UPDATED ON:
Thursday, November 20, 2008
19:42 Mecca time, 16:42 GMT
 
Business
Jobless claims spark US slump

Retailers worldwide have cut prices as
shoppers stay at home [AFP]

US stocks have fallen in opening trading after the government revealed a 16-year high in new unemployment claims as economic misery continues to play havoc with world markets.

The number of jobless Americans filing new claims for unemployment benefits soared to 542,000 in the week ending November 15, the US Labour Department said on Thursday, far higher than analysts expected.

The figures, coupled with growing fears of a prolonged global economic recession caused US markets to fall almost 200 points, or 2.4 per cent, in early morning trading.

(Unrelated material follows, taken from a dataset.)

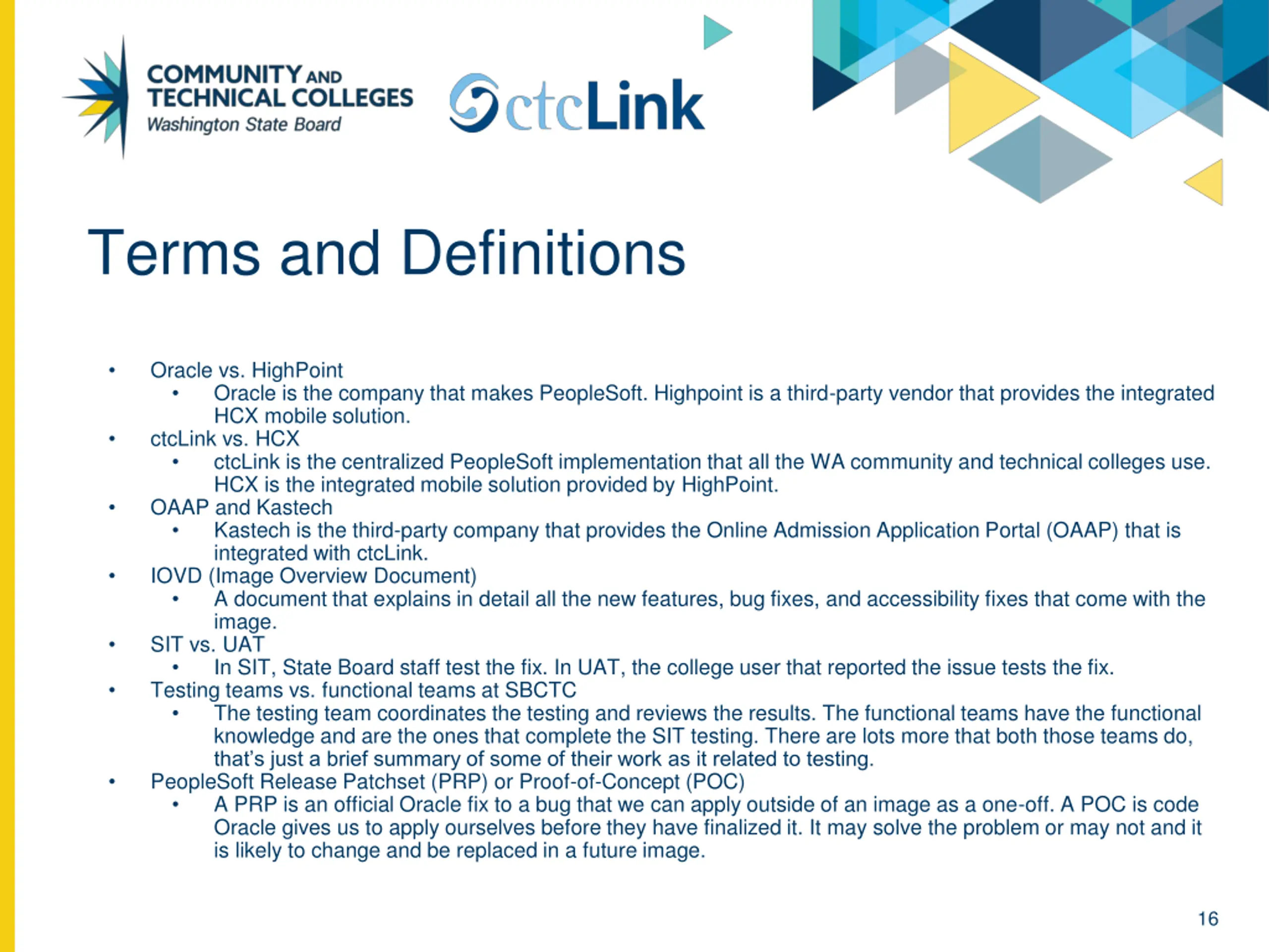 Terms and Definitions Oracle vs. HighPoint Oracle is the company that makes PeopleSoft. Highpoint is a third-party vendor that provides the integrated HCX mobile solution. ctcLink vs. HCX ctcLink is the centralized PeopleSoft implementation that all the WA community and technical colleges use. HCX is the integrated mobile solution provided by HighPoint. OAAP and Kastech Kastech is the third-party company that provides the Online Admission Application Portal (OAAP) that is integrated with ctcLink. IOVD (Image Overview Document) A document that explains in detail all the new features, bug fixes, and accessibility fixes that come with the image. SIT vs. UAT In SIT, State Board staff test the fix. In UAT, the college user that reported the issue tests the fix. Testing teams vs. functional teams at SBCTC The testing team coordinates the testing and reviews the results. The functional teams have the functional knowledge and are the ones that complete the SIT testing. There are lots more that both those teams do, that s just a brief summary of some of their work as it related to testing. PeopleSoft Release Patchset (PRP) or Proof-of-Concept (POC) A PRP is an official Oracle fix to a bug that we can apply outside of an image as a one-off. A POC is code Oracle gives us to apply ourselves before they have finalized it. It may solve the problem or may not and it is likely to change and be replaced in a future image. 16

Global markets slumped amid continuing consumer worries - in Europe the German Dax down 4.5 per cent by mid-afternoon Thursday, and the UK FTSE index fell by almost 140 points, or three per cent in day trading.

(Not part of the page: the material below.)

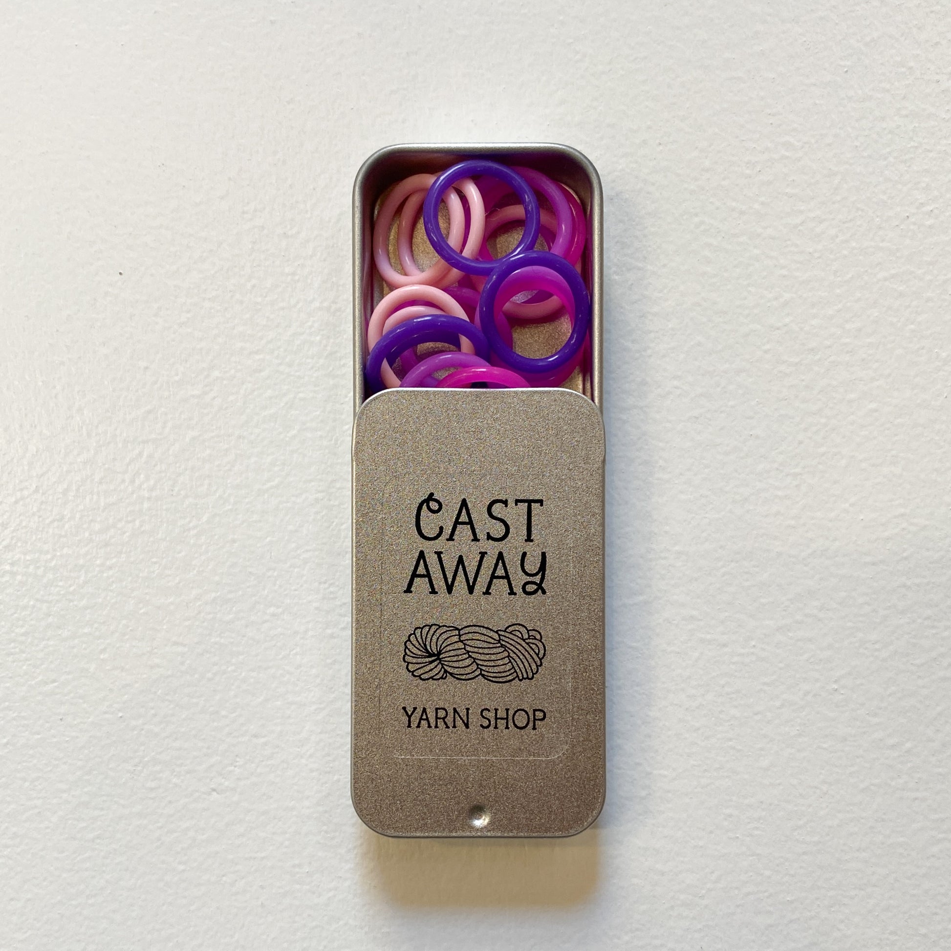 This is a pink/purple color pack in a slide top tin storage container to keep your stitch markers together.

In Asia, Japan's benchmark Nikkei and South Korea's Kospi index each fell by more than six per cent while Hong Kong's Hang Seng index closed down four per cent on Thursday.

Last month, the US unemployment rate jumped to a 14-year high of 6.5 per cent, with 10.1 million people looking for work, an increase of 2.8 million over the past year.

The White House reacted swiftly to the unemployment news, saying George Bush, the US president, would sign an new extension of unemployment benefits if approved by US Congress, as is expected to happen on Thursday.

"The president believes it would be appropriate to further extend unemployment benefits, and he would sign the legislation now pending in Congress," spokeswoman Dana Perino said in a statement. 

Record plunge

To add to US economic woes,  on Thursday a private research group said its forecast of future economic activity in the US declined 0.8 per cent in October, worse than analysts expected.

The index, which which weighs indicators such as manufacturers' new orders and supplier deliveries, has fallen four of the last six months.

The US Labour Department also said on Wednesday that its consumer price index (CPI) fell by one per cent in October, the biggest drop since the department began releasing data in February 1947 and worse than analysts' expectations.

The record plunge followed little change in prices in September and August and was led by oil prices plummeting from their record highs in July.

But despite the falling prices of many items, from houses to oil and stocks, very few people are buying.

Prices slashed

Car makers such as General Motors have
been badly hit by the crisis [Reuters]
Big high street retailers in many countries have also started slashing prices as Christmas approaches in an attempt to entice shoppers.

"The domino which is pushing all of this forward is the enormous level of debt compared to incomes all around the world," Steve Keen, associate professor of economics at University of Western Sydney, told Al Jazeera.

"That debt is simply beyond the level where the physical economy can service it, and that is ultimately what is driving down prices and economic performance."

"Unemployment is rising, household wealth is falling, and credit conditions are tight," Moody's economic analysts also said. "Squeezed from all sides, consumers are being frugal."

While falling prices across the board could benefit consumers, analysts have warned they could hurt corporate profits and cause deflation, a prolonged bout of falling prices that has not been experienced in the US since the Great Depression in the 1930s.

Deflation could stifle growth, prolonging the economic downturn.

Car woes

Japan also reported on Thursday that its exports had fallen at the fastest pace in almost seven years as demand in China, the US and Europe had dropped, causing it to post its second trade deficit in three months.

The announcement came just days after confirmation that the Asian powerhouse had fallen into recession as major manufacturers cut production because of falling global demand.

The government figures showed that the electronics industry and car manufacturers had been particularly badly hit.

After other production cuts by Toyota Motor Corp., Honda Motor Co. and Nissan Motor Co, Isuzu said on Thursday that it would axe 1,400 contract workers as it lowers its lorry output for this fiscal year.

Car makers have been hit across the world, with the big three US manufacturers appearing before the US senate banking committee on Wednesday to plead for a portion of the $700bn financial bailout agreed by US politicians last month.

US Democrats have been pushing for funding from the bailout to be granted to the auto industry, but so far Republicans in Congress and White House officials have resisted the calls.

In France, car manufacturer PSA Peugeot Citroen said it would cut 2,700 jobs.